_ASSIGNMENT_:
Omitting the pictures, restate all of the entries below exactly.

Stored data
=== Begin Enclosure ===
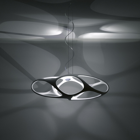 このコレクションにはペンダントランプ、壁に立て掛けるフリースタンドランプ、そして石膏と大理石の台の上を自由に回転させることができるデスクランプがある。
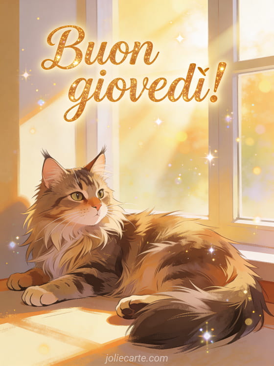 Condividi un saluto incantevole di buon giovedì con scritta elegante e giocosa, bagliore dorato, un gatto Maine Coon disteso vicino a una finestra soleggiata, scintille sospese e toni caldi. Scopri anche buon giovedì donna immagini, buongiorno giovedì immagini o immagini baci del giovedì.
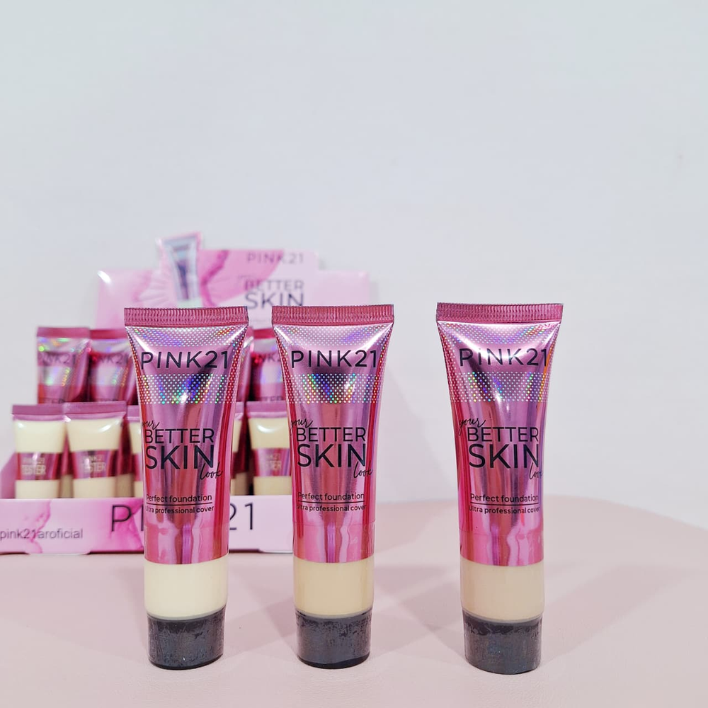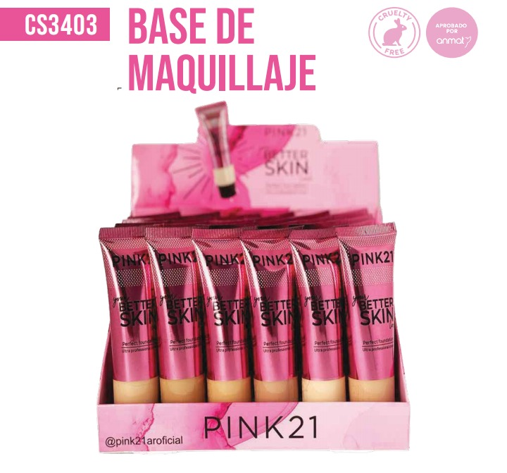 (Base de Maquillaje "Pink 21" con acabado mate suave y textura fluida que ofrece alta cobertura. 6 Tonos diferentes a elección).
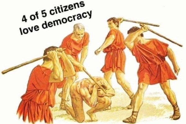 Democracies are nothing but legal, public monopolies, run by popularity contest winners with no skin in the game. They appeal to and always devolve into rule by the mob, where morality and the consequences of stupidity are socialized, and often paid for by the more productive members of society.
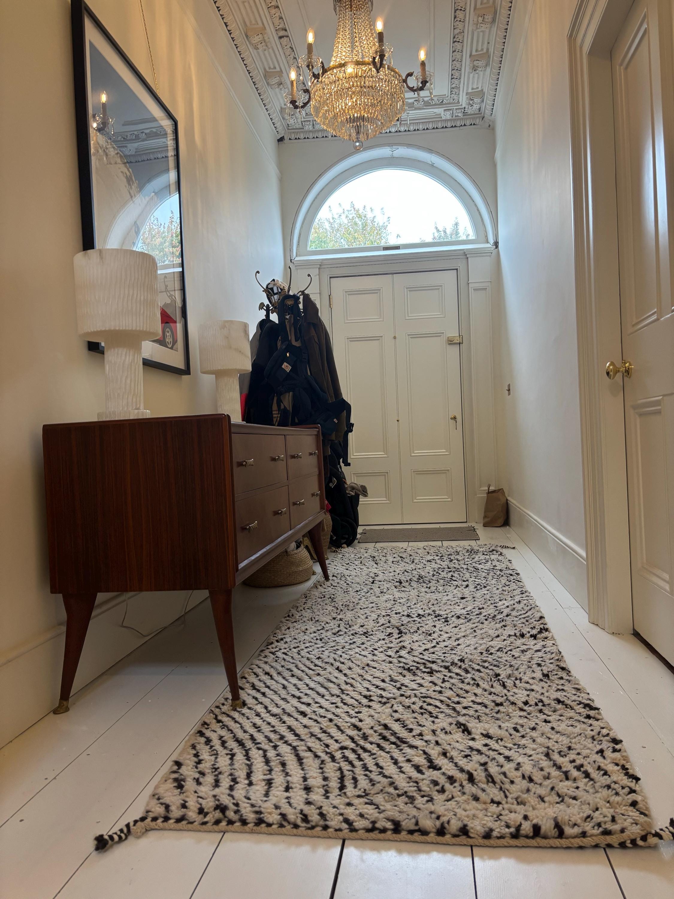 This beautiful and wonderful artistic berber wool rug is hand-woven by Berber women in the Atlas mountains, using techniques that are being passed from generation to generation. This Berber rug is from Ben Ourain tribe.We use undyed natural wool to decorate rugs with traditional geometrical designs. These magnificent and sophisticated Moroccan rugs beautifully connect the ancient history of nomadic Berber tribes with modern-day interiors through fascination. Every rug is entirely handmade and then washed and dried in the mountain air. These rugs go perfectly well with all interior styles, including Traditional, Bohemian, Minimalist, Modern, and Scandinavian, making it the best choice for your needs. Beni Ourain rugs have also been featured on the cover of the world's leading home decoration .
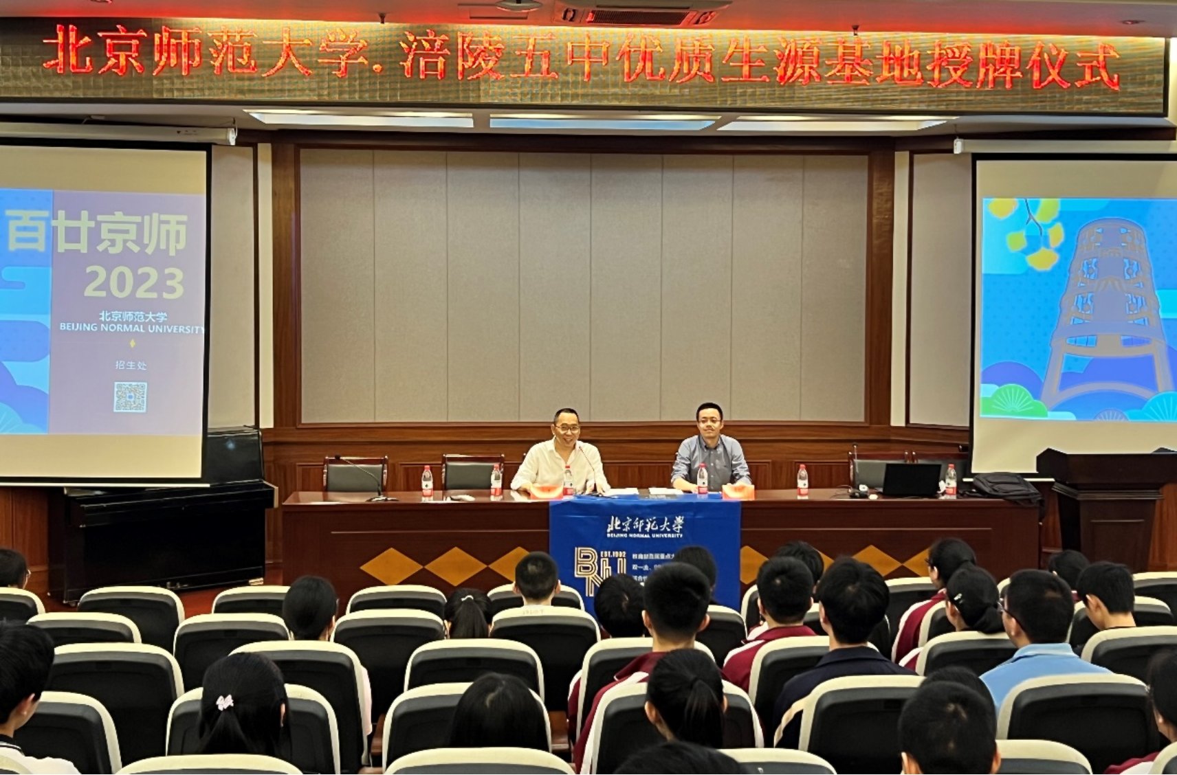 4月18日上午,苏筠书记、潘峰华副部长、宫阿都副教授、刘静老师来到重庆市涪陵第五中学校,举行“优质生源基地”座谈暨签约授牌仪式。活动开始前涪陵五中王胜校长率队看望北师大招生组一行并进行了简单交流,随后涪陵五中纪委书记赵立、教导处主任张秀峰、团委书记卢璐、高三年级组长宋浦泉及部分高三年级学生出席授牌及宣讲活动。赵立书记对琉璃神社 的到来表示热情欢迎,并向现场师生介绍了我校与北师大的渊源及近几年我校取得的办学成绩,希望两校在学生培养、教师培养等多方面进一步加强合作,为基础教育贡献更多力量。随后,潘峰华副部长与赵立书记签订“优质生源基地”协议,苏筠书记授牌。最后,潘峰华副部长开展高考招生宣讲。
=== End Enclosure ===
_OUTPUT BELOW_:
 このコレクションにはペンダントランプ、壁に立て掛けるフリースタンドランプ、そして石膏と大理石の台の上を自由に回転させることができるデスクランプがある。
 Condividi un saluto incantevole di buon giovedì con scritta elegante e giocosa, bagliore dorato, un gatto Maine Coon disteso vicino a una finestra soleggiata, scintille sospese e toni caldi. Scopri anche buon giovedì donna immagini, buongiorno giovedì immagini o immagini baci del giovedì.
 (Base de Maquillaje "Pink 21" con acabado mate suave y textura fluida que ofrece alta cobertura. 6 Tonos diferentes a elección).
 Democracies are nothing but legal, public monopolies, run by popularity contest winners with no skin in the game. They appeal to and always devolve into rule by the mob, where morality and the consequences of stupidity are socialized, and often paid for by the more productive members of society.
 This beautiful and wonderful artistic berber wool rug is hand-woven by Berber women in the Atlas mountains, using techniques that are being passed from generation to generation. This Berber rug is from Ben Ourain tribe.We use undyed natural wool to decorate rugs with traditional geometrical designs. These magnificent and sophisticated Moroccan rugs beautifully connect the ancient history of nomadic Berber tribes with modern-day interiors through fascination. Every rug is entirely handmade and then washed and dried in the mountain air. These rugs go perfectly well with all interior styles, including Traditional, Bohemian, Minimalist, Modern, and Scandinavian, making it the best choice for your needs. Beni Ourain rugs have also been featured on the cover of the world's leading home decoration .
 4月18日上午,苏筠书记、潘峰华副部长、宫阿都副教授、刘静老师来到重庆市涪陵第五中学校,举行“优质生源基地”座谈暨签约授牌仪式。活动开始前涪陵五中王胜校长率队看望北师大招生组一行并进行了简单交流,随后涪陵五中纪委书记赵立、教导处主任张秀峰、团委书记卢璐、高三年级组长宋浦泉及部分高三年级学生出席授牌及宣讲活动。赵立书记对琉璃神社 的到来表示热情欢迎,并向现场师生介绍了我校与北师大的渊源及近几年我校取得的办学成绩,希望两校在学生培养、教师培养等多方面进一步加强合作,为基础教育贡献更多力量。随后,潘峰华副部长与赵立书记签订“优质生源基地”协议,苏筠书记授牌。最后,潘峰华副部长开展高考招生宣讲。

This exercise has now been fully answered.